Analytical investigation of CdSe/CdS/ZnSe‐based single‐core double‐shell nanotextured vertical nanopillar array antenna for broadband photodetection applications

Abstract

SummaryThe photon‐trapping nanostructures greatly contributes in minimizing the light reflectance losses occurring due to air–semiconductor refractive mismatch in photodetector devices. Here we have proposed a vertically oriented CdSe/CdS/ZnSe tri material‐based multiple core–shell nanopillar array structure to act as a light‐trapping efficient antenna for broadband photodetection applications. The nanopillar structure consist of diamond shaped nanotexturization over its three layer pillar interfaces. The proposed nanotexturization over the triple‐layered nanopillar structure would feature multiple scattering mechanisms for the trapped photons enhancing their optical path length along with the defect‐free confinement of the exciton pairs.

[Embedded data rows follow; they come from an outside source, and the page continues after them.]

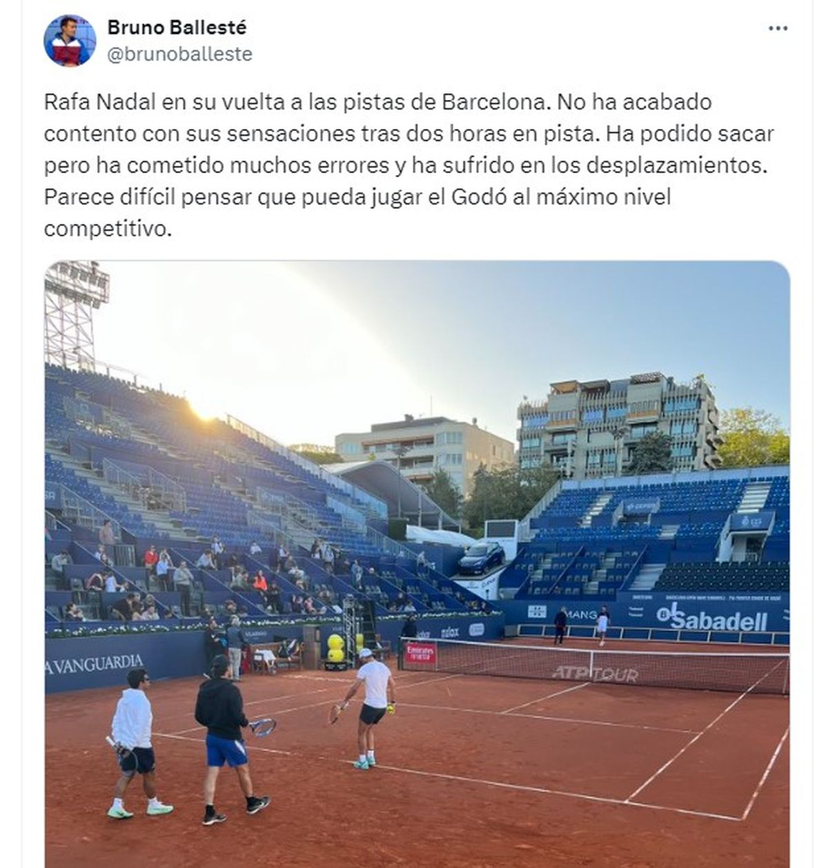 "Hola desde Barcelona. Primer entreno, con la ilusión de estar aquí estos días previos al inicio del torneo. Estoy aquí para ver qué tal, con las ganas de intentar jugar. Ya os iré contando. Importante decir que no quiero confirmar que jugaré, ojalá que sí. Ya veremos", expresó en sus redes sociales el de Manacor.
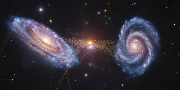 А теперь давайте перейдем к самому сочному — галактической запутанности. Представьте: две галактики, разделенные миллионами световых лет, могут находиться в состоянии квантовой запутанности. Движение звезд в одной мгновенно коррелирует с движением звезд в другой, без всякой видимой причины.
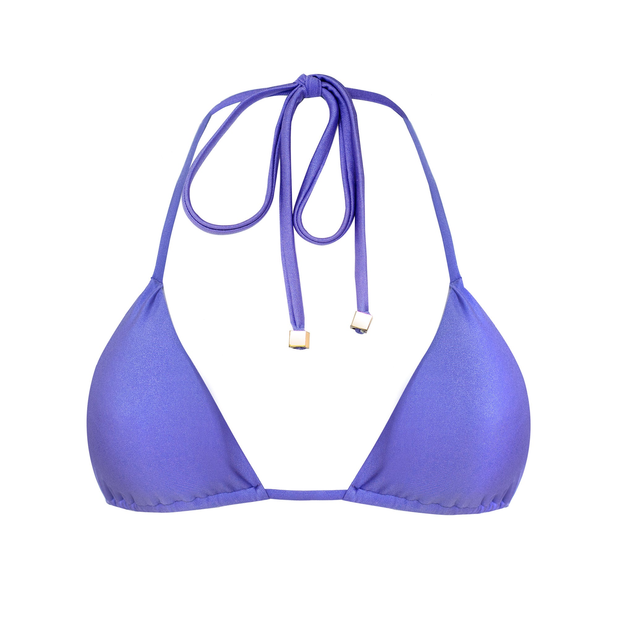 Adjustable Triangle top with gold beading at end of ties. Top is made from sleek soft shiny material- comfy enough to wear all day long. Top comes with removable padding.
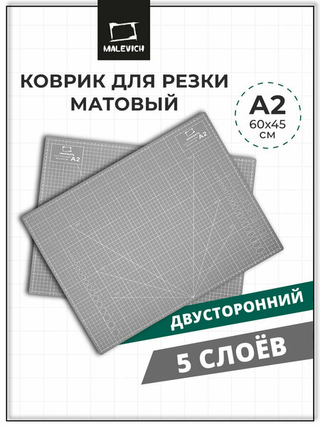 Макетный коврик для резки Малевичъ, 5 слойный, А2 серый, двухсторонний

The lattice compatibility of the CdS and ZnS shell layers forms a bridge between the lattice‐mismatched CdSe core and ZnSe shell leading towards the attainment of a reduced strain as well as high photochemical stability and photo quantum efficiency. As compared to the single‐layered CdSe/ZnSe nanotextured core–shell nanopillar structure the double‐layered nanotextured CdSe/CdS/ZnSe exhibits a high photoresponsivity of 0.425 A/W and external quantum efficiency of 0.98 is attained. The obtained results exhibit that the double‐shell layered‐based nanotextured nanopillar array structure would be a well‐competent alternative as compared to the planar counterpart for next‐generation photodetector applications.